-- Data block follows --

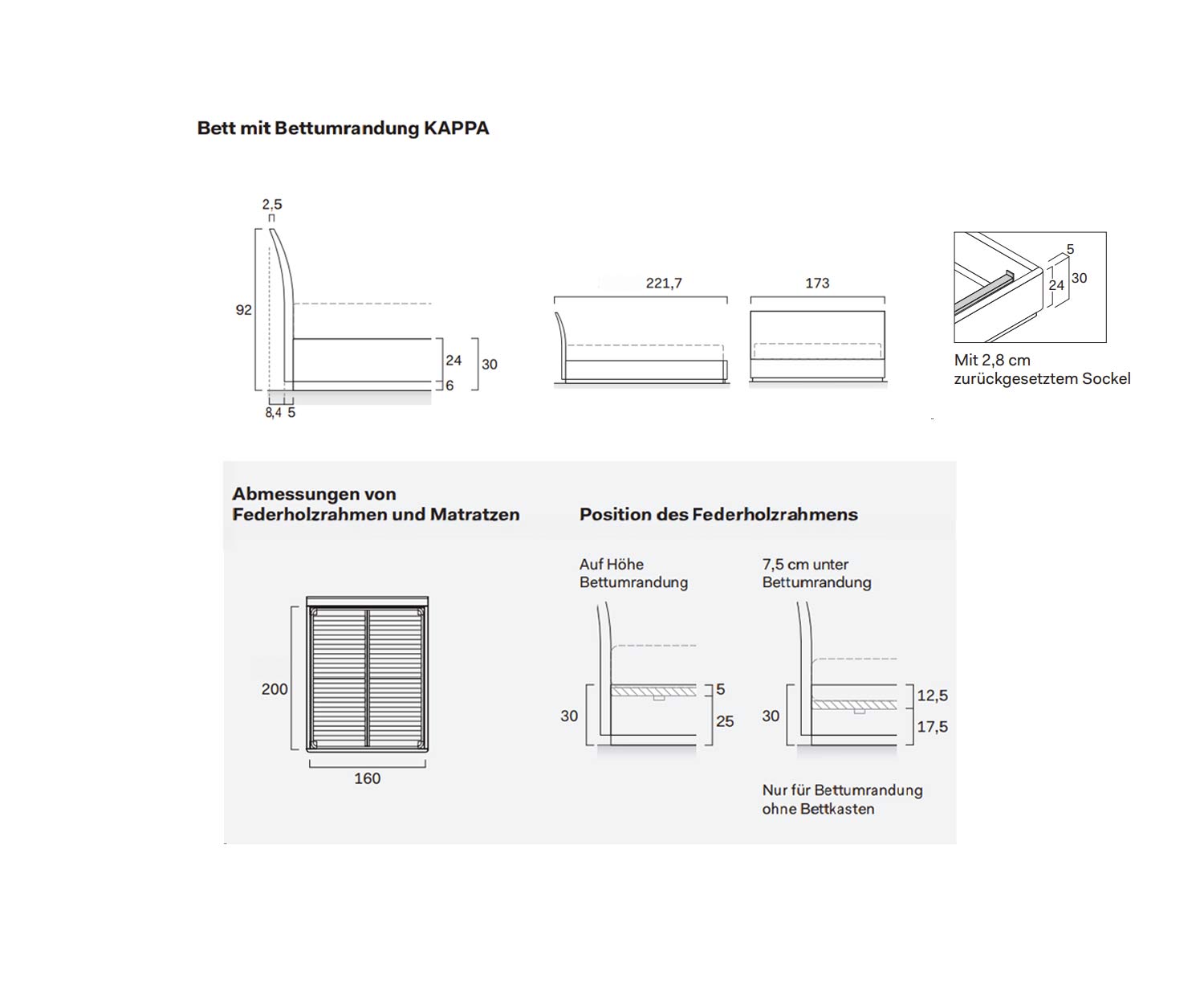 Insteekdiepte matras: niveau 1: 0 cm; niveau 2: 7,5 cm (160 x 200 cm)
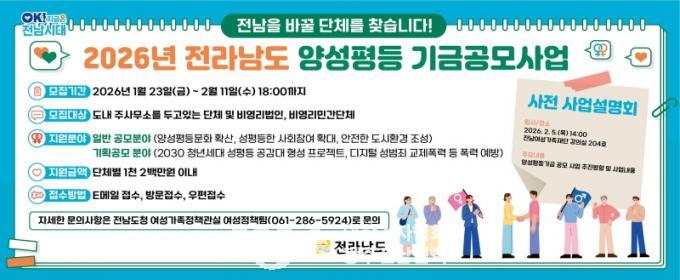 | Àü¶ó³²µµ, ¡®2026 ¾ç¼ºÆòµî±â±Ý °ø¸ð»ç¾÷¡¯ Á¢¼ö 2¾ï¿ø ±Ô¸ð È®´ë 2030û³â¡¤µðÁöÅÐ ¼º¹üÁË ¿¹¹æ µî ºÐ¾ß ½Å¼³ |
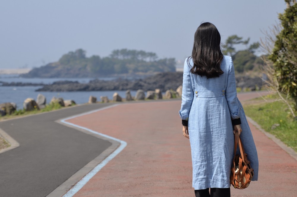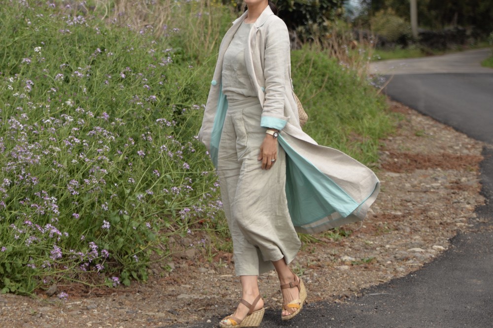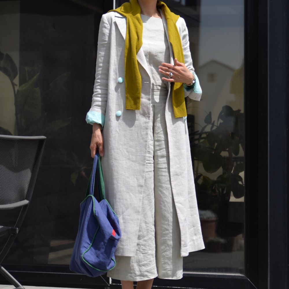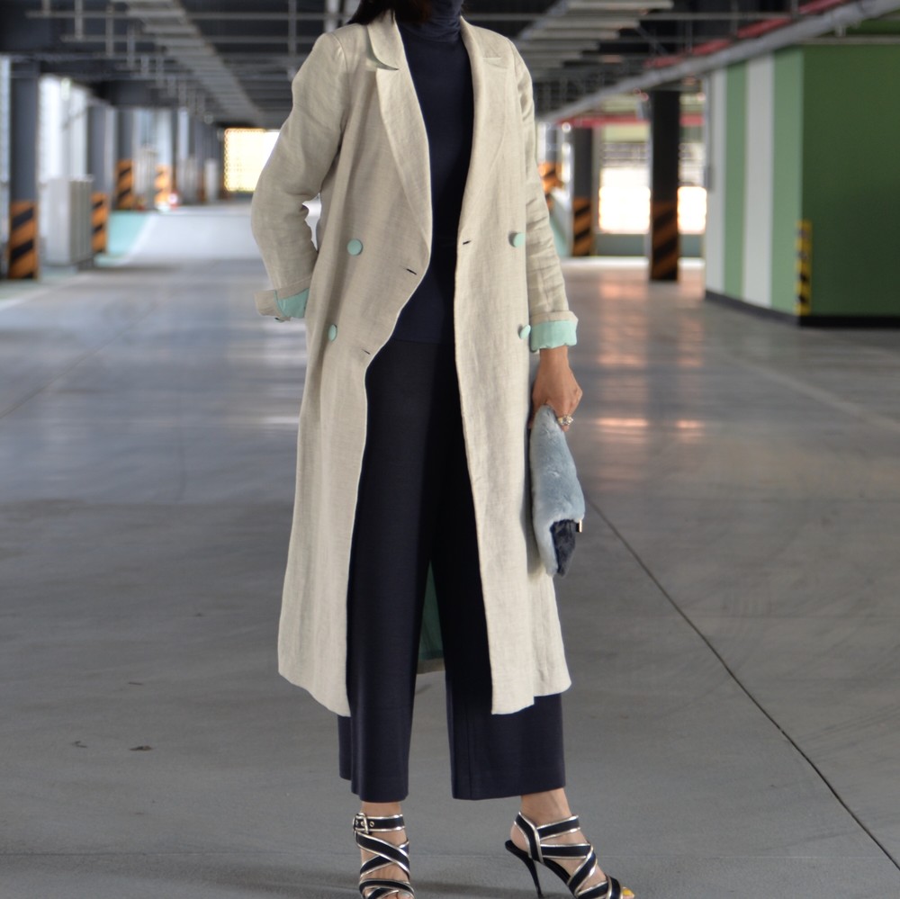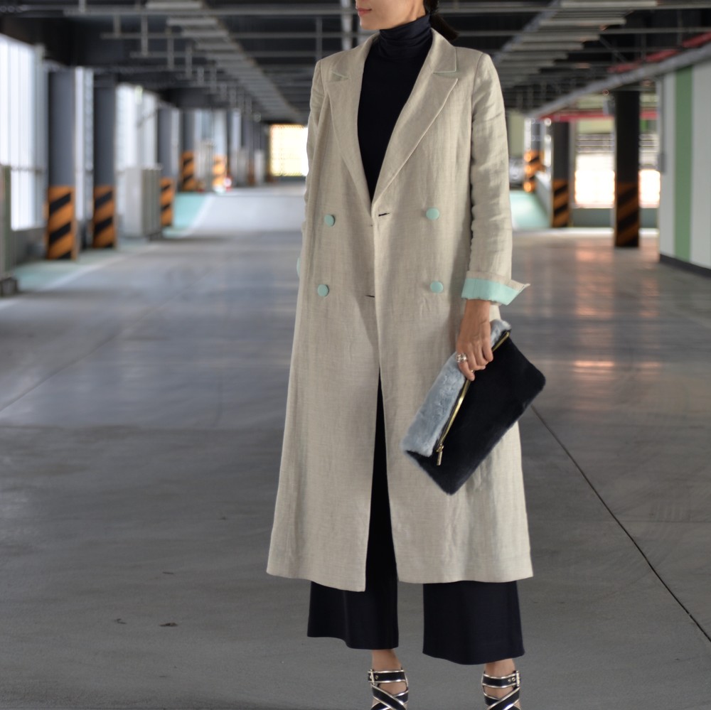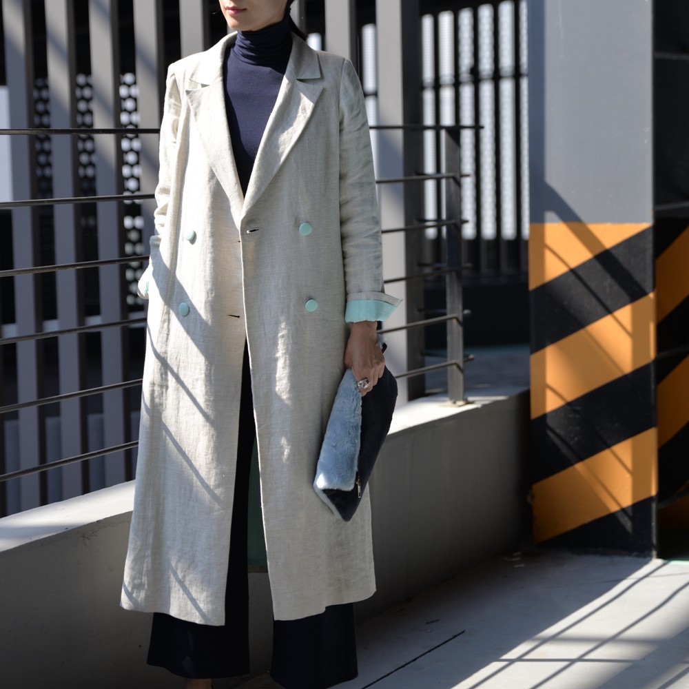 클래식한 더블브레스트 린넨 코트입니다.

-- Data block concluded --

**Exercise directions:** When you transcribe the lines above, keep every word exact but leave the pictures behind.

**Exercise answer:**
 Insteekdiepte matras: niveau 1: 0 cm; niveau 2: 7,5 cm (160 x 200 cm)
 | Àü¶ó³²µµ, ¡®2026 ¾ç¼ºÆòµî±â±Ý °ø¸ð»ç¾÷¡¯ Á¢¼ö 2¾ï¿ø ±Ô¸ð È®´ë 2030û³â¡¤µðÁöÅÐ ¼º¹üÁË ¿¹¹æ µî ºÐ¾ß ½Å¼³ |
 클래식한 더블브레스트 린넨 코트입니다.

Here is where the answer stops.